Das, Kuntal Kanti; Singh, Kavindra; Dikshit, Priyadarshi; Mehrotra, Anant; Bhaisora, Kamlesh Singh; Jaiswal, Awadhesh Kumar.
Afiliación
  • Das KK; Department of Neurosurgery, Sanjay Gandhi Postgraduate Institute of Medical Sciences, Lucknow, Uttar Pradesh, India. Electronic address: drkuntalkantidas@gmail.com.

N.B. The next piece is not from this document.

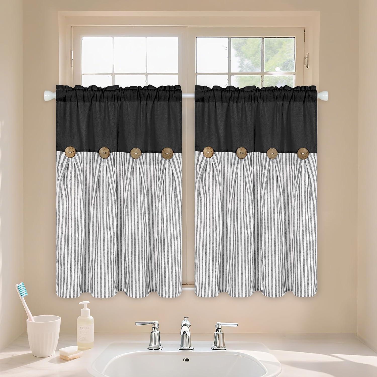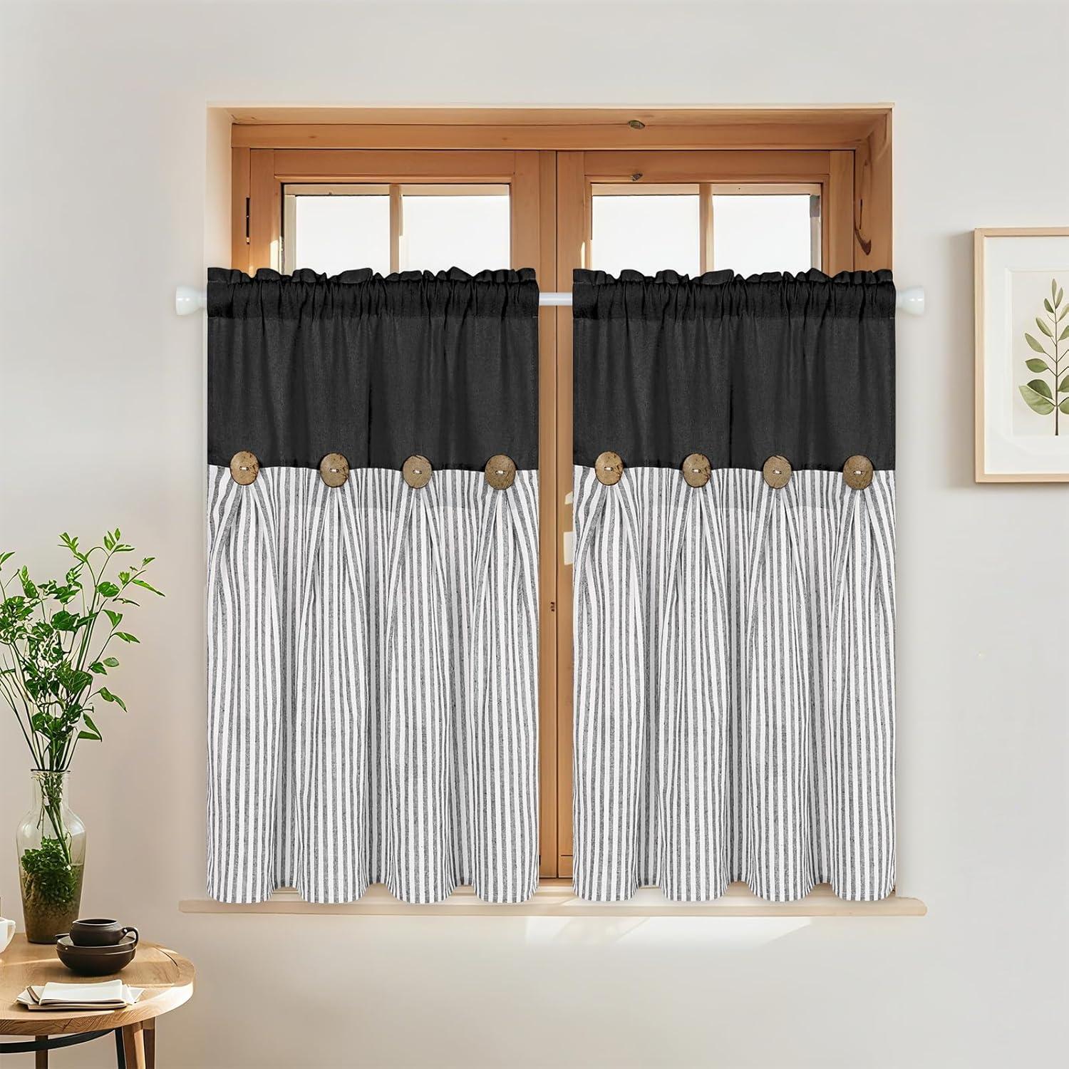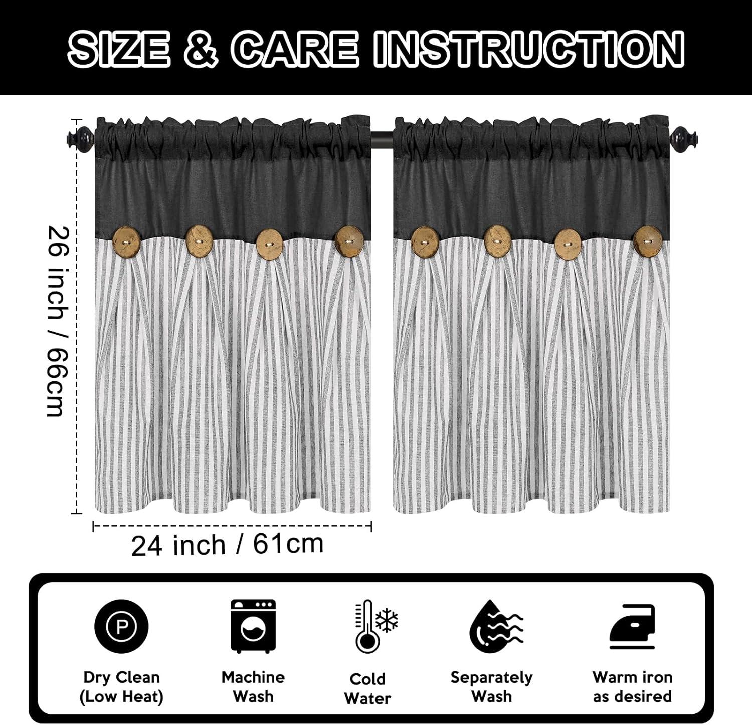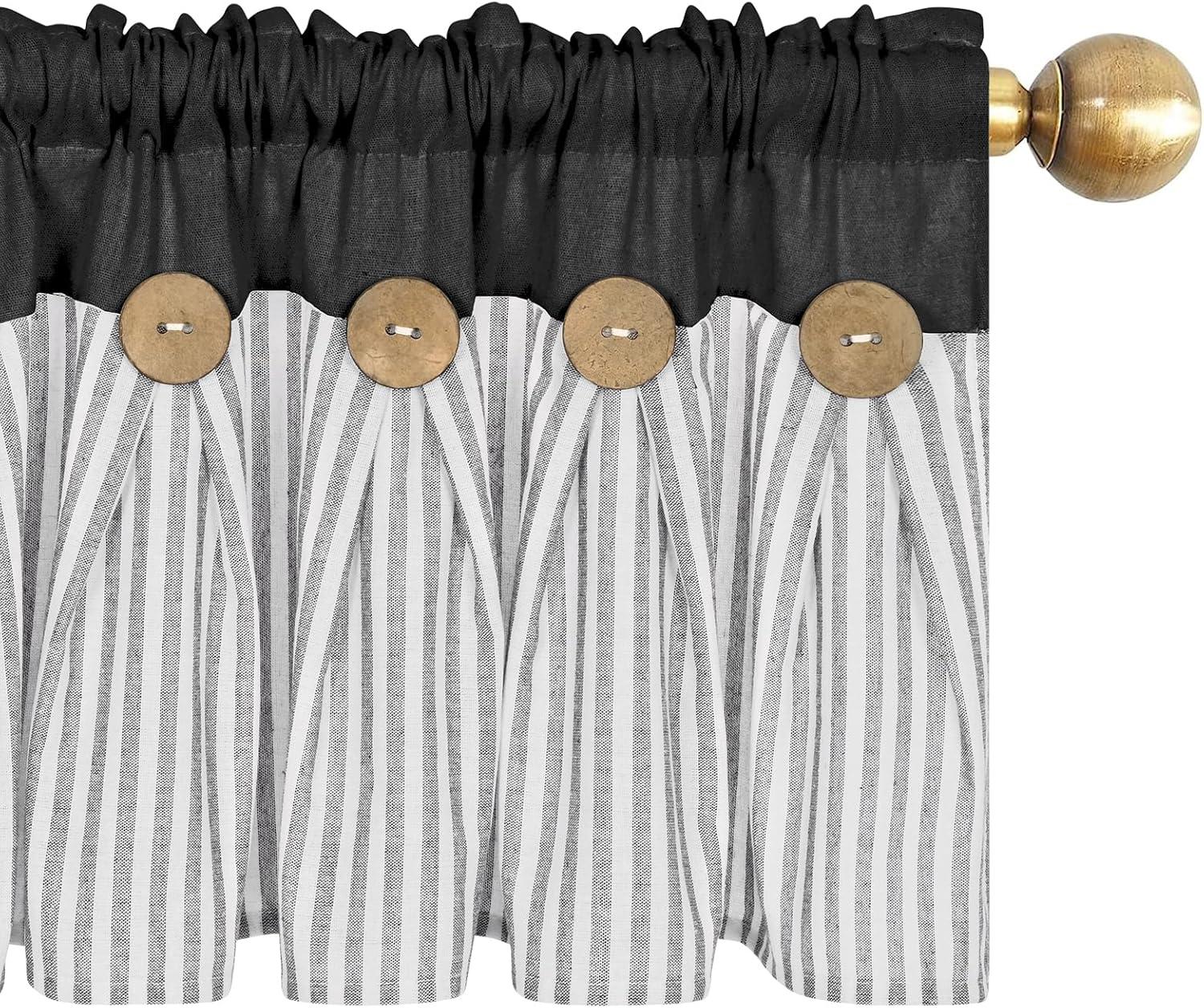 ASPMIZ Cotton Linen Farmhouse Curtains Boho Rustic Button Curtain, Linen Window Curtain Panels Green Stripe Country Curtains for Living Room Bedroom, Back Tab Window Drapes, 52 x 84 Inch, 2 Panels(Black&grey)

  • Singh K; Department of Neurosurgery, Sanjay Gandhi Postgraduate Institute of Medical Sciences, Lucknow, Uttar Pradesh, India.

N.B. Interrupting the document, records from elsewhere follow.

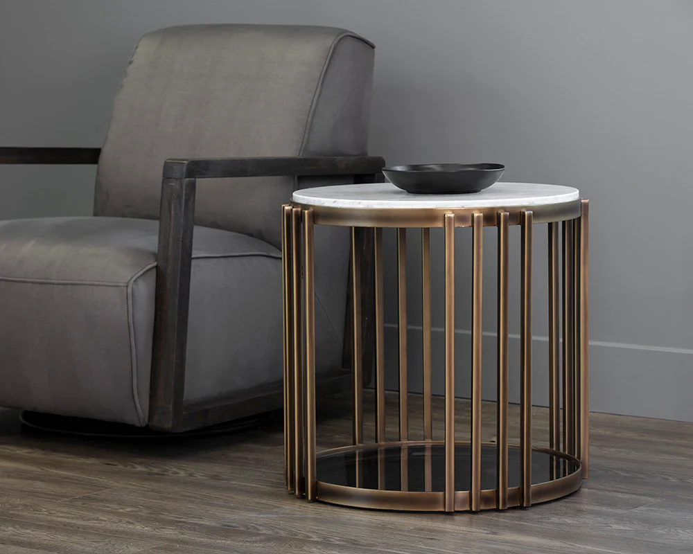 Introduce an element of grandeur to any space with this marvelous end table. Features a 21mm solid Carrara white marble top with a 6mm smoked tempered glass bottom. Completed with a stylish powder-coated metal frame in a rustic bronze finish. Coordinating coffee and console tables also available. As marble is a natural material, unique veining, pitting, fissures, micro-cracks and colour variations are all characteristics that add to the uniqueness and beauty of each piece.
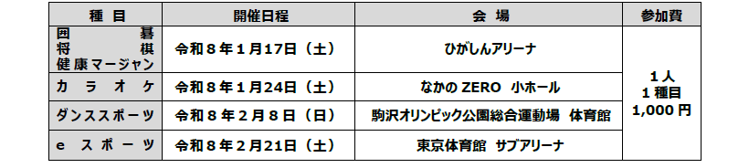 ■開催日程:【囲碁・将棋・健康マージャン】2026年1月17日【カラオケ】2026年1月24日【ダンススポーツ】2026年2月8日【eスポーツ】2026年2月21日
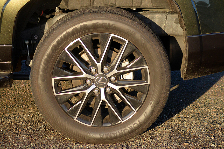 When it comes to back road rambles, there's virtually no terrain the GX can't conquer in 4WD Low Range with Crawl Control activated. A locking Torsen limited-slip center differential seals the deal on precise traction management. GX 550-specific 20-in. x 7.5-in. alloy rims are shod with 265/55R20 Yokohama Geolander X-CV extra load radial rubber (TW 360). The wheels look fetching with their six black and bright machined finish spokes. To keep an eye on how your Lexus is coping with the trail surface, Lexus has equipped the GX with a Panoramic View Monitor System (PVM) that projects images from 4 multi-terrain cameras onto a 14-inch wide dashboard display monitor. Using this information, an intrepid off-roader can check on obstacle clearance and road conditions from the driver's seat and make intelligent decisions before trouble strikes.
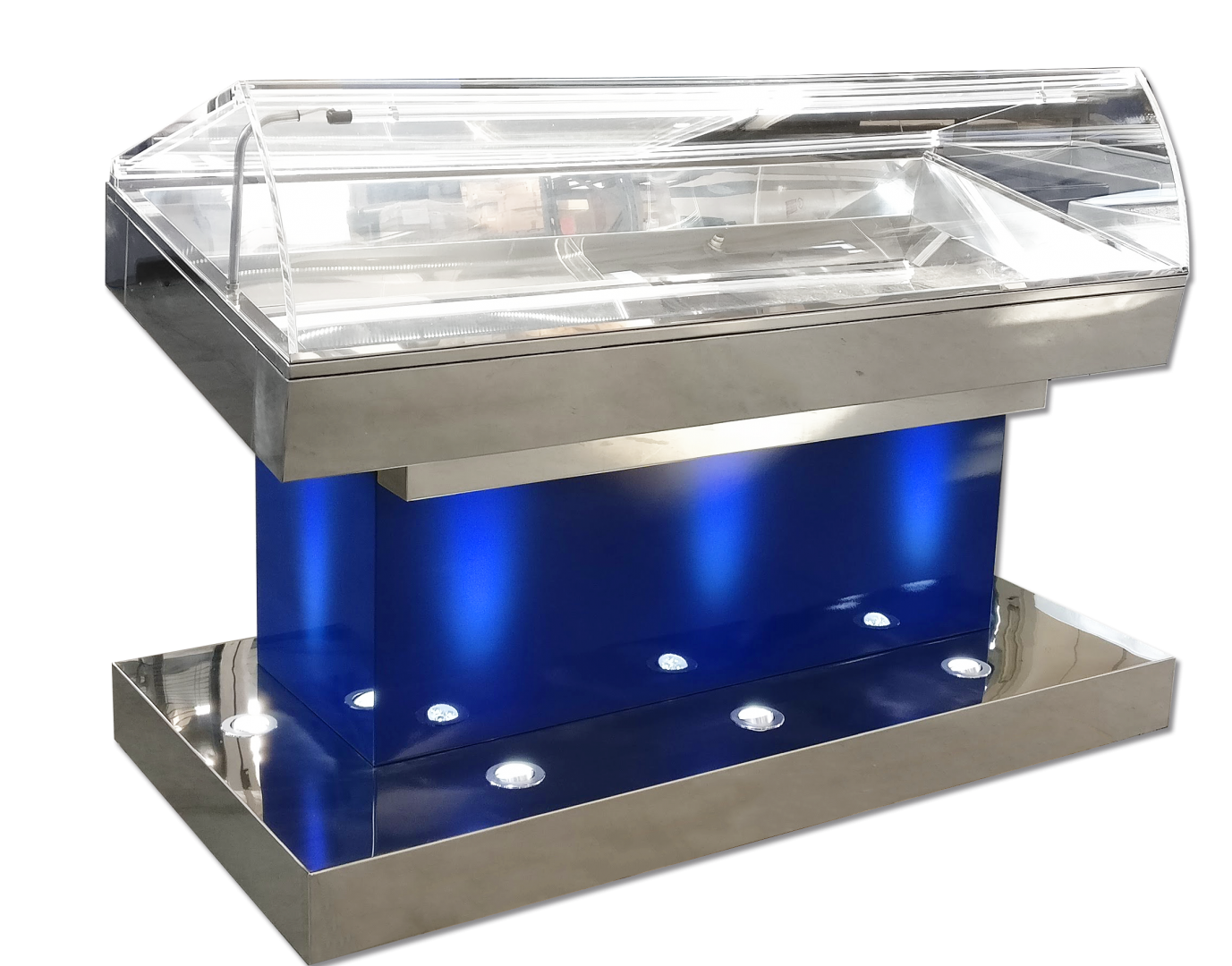 Fusione di qualità e design, L'espositore per pesce fresco Mod. Orca, diventa parte integrante dell’arredamento di ristoranti e locali di lusso. Ciò che rende unico questo espositore per pesce fresco o mitilii, è la grande durevolezza: interamente in acciaio inox, rimane inalterato nel tempo, nonostante la salinità con cui è continuamente a contatto.

  • Dikshit P; Department of Neurosurgery, Sanjay Gandhi Postgraduate Institute of Medical Sciences, Lucknow, Uttar Pradesh, India.
  • Mehrotra A; Department of Neurosurgery, Sanjay Gandhi Postgraduate Institute of Medical Sciences, Lucknow, Uttar Pradesh, India.
  • Bhaisora KS; Department of Neurosurgery, Sanjay Gandhi Postgraduate Institute of Medical Sciences, Lucknow, Uttar Pradesh, India.
  • Jaiswal AK; Department of Neurosurgery, Sanjay Gandhi Postgraduate Institute of Medical Sciences, Lucknow, Uttar Pradesh, India.
World Neurosurg ; 181: 19, 2024 Jan.
Article en En | MEDLINE | ID: mdl-37827429
ABSTRACT
Fusiform aneurysms of the anterior cerebral artery are a surgical rarity encountered only occasionally by a neurosurgeon.1,2 Seen most commonly in the vertebrobasilar territory, these aneurysms differ in pathophysiology and clinical presentation from their saccular counterparts. Arterial dissections and atherosclerosis are the leading causes of these aneurysms in young and elderly patients, respectively.3 Patients can present with symptoms related to mass effect/compression of adjacent structures or with ischemic symptoms apart from aneurysm rupture. Management of these aneurysms remains challenging owing to the lack of a distinct neck. Surgical options include clip reconstruction, parent vessel occlusion, or aneurysm trapping with4 and without1 bypass using a branch of the superficial temporal artery. Clipping techniques used for these aneurysms include the use of fenestrated clips, vessel wall reconstruction, and wrapping.5,6 However, due to enormous variations in aneurysm morphology, each case presents a unique challenge; hence neurosurgeons need to be aware of this important entity. Endovascular techniques including parent vessel occlusion or vessel-preserving techniques using coil or flow diverters have also been described,3 but clipping remains the preferred choice for most surgeons worldwide. In Video 1, we present a case of fusiform A1 segment aneurysm in a 34-year-old gentleman and demonstrate how the aneurysm was clipped using a lateral supraorbital approach. He made an uneventful recovery with subtle right lower limb weakness. This video shows the technique and utility of a minimally invasive skull base approach for dealing with a fusiform anterior circulation aneurysm.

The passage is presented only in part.